►

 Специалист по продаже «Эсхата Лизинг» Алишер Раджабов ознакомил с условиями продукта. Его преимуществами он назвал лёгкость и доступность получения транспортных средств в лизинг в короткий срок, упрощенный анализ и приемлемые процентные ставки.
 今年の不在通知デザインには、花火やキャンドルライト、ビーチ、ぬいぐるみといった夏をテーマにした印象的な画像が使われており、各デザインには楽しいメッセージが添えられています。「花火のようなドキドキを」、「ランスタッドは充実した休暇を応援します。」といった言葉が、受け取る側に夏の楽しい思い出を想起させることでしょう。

◄
►

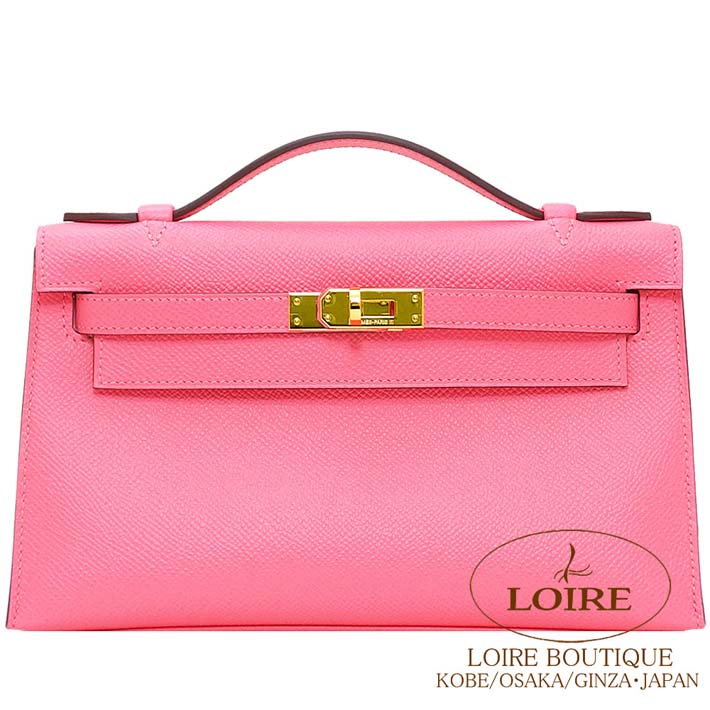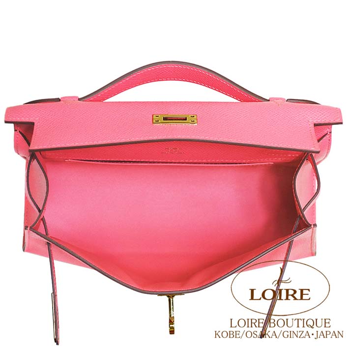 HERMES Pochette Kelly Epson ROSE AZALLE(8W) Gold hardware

◄

What the task requires. Above are the lines; repeat exactly the ones from the line containing "Специалист по продаже" down to the line containing "今年の不在通知デザインには、", both inclusive.

Reply.
 Специалист по продаже «Эсхата Лизинг» Алишер Раджабов ознакомил с условиями продукта. Его преимуществами он назвал лёгкость и доступность получения транспортных средств в лизинг в короткий срок, упрощенный анализ и приемлемые процентные ставки.
 今年の不在通知デザインには、花火やキャンドルライト、ビーチ、ぬいぐるみといった夏をテーマにした印象的な画像が使われており、各デザインには楽しいメッセージが添えられています。「花火のようなドキドキを」、「ランスタッドは充実した休暇を応援します。」といった言葉が、受け取る側に夏の楽しい思い出を想起させることでしょう。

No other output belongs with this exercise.